Data excerpt →
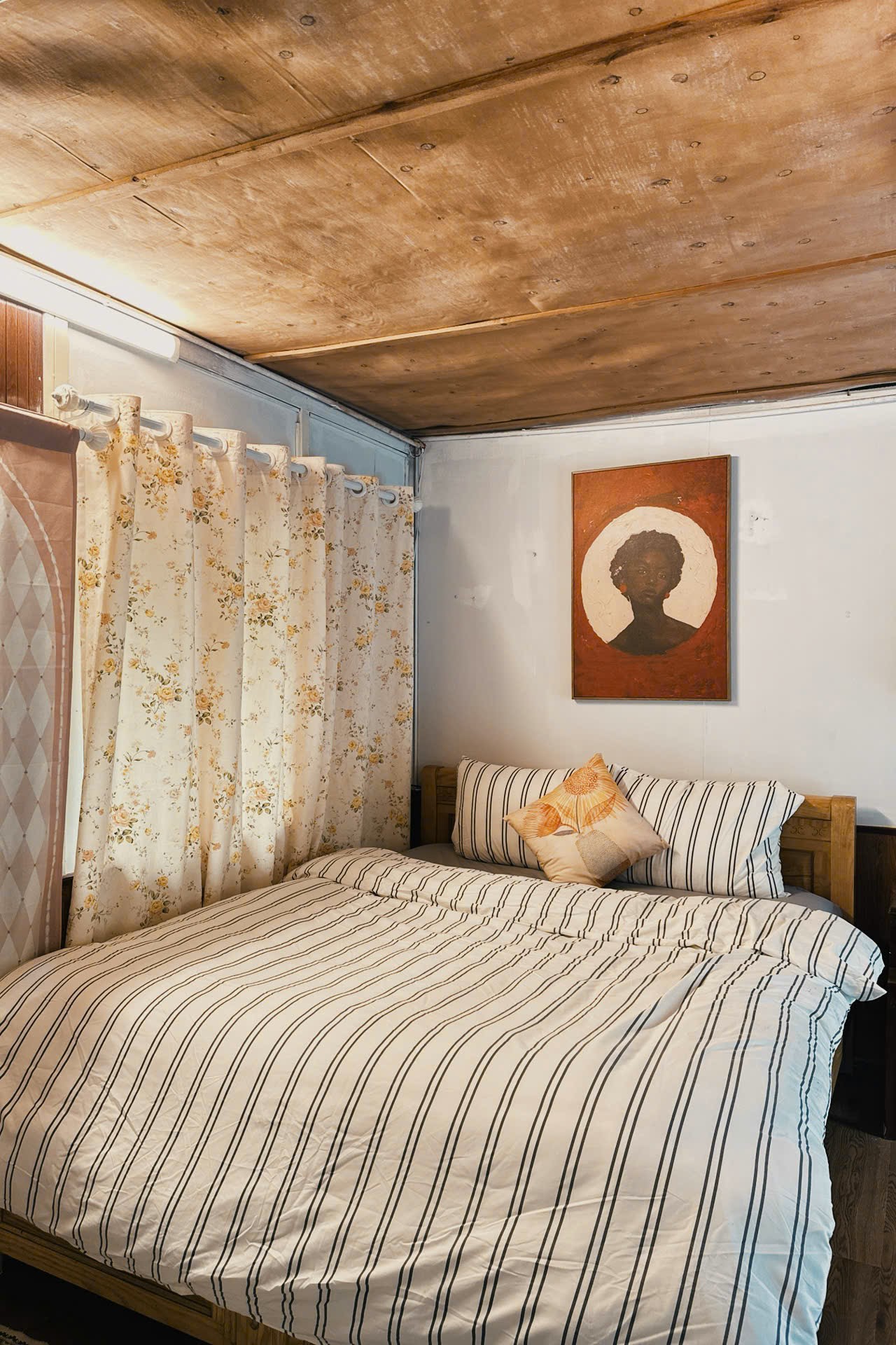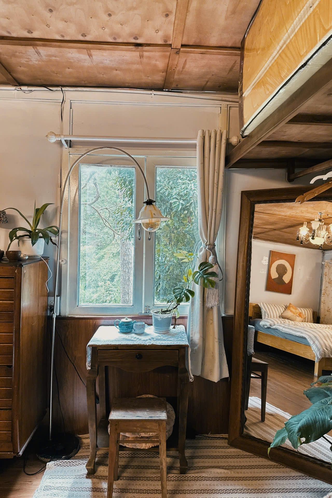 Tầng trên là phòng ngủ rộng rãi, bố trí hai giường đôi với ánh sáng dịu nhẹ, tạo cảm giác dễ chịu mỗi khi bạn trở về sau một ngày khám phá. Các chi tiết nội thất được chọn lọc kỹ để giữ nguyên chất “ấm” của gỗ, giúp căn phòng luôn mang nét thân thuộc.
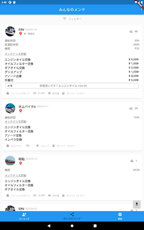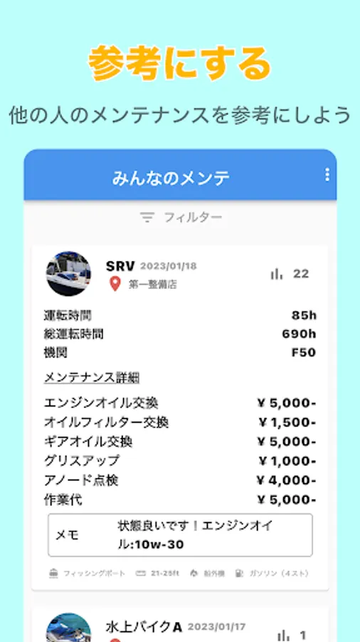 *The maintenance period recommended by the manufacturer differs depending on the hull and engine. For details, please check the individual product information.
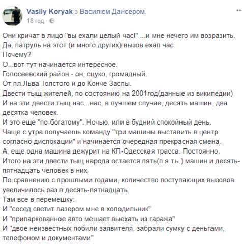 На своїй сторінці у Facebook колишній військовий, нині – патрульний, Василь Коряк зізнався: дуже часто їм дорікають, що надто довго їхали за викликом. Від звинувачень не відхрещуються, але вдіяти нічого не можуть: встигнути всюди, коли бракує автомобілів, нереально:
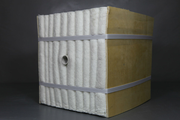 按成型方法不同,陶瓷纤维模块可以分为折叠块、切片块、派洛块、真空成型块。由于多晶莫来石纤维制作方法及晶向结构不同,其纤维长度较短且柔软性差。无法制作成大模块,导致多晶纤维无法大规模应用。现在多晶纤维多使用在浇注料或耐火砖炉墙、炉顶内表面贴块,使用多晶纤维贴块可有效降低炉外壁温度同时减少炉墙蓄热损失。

What you need to do → What is needed is every line of the data above, set down exactly but with the images left out.

Solved problem →
 Tầng trên là phòng ngủ rộng rãi, bố trí hai giường đôi với ánh sáng dịu nhẹ, tạo cảm giác dễ chịu mỗi khi bạn trở về sau một ngày khám phá. Các chi tiết nội thất được chọn lọc kỹ để giữ nguyên chất “ấm” của gỗ, giúp căn phòng luôn mang nét thân thuộc.
 *The maintenance period recommended by the manufacturer differs depending on the hull and engine. For details, please check the individual product information.
 На своїй сторінці у Facebook колишній військовий, нині – патрульний, Василь Коряк зізнався: дуже часто їм дорікають, що надто довго їхали за викликом. Від звинувачень не відхрещуються, але вдіяти нічого не можуть: встигнути всюди, коли бракує автомобілів, нереально:
 按成型方法不同,陶瓷纤维模块可以分为折叠块、切片块、派洛块、真空成型块。由于多晶莫来石纤维制作方法及晶向结构不同,其纤维长度较短且柔软性差。无法制作成大模块,导致多晶纤维无法大规模应用。现在多晶纤维多使用在浇注料或耐火砖炉墙、炉顶内表面贴块,使用多晶纤维贴块可有效降低炉外壁温度同时减少炉墙蓄热损失。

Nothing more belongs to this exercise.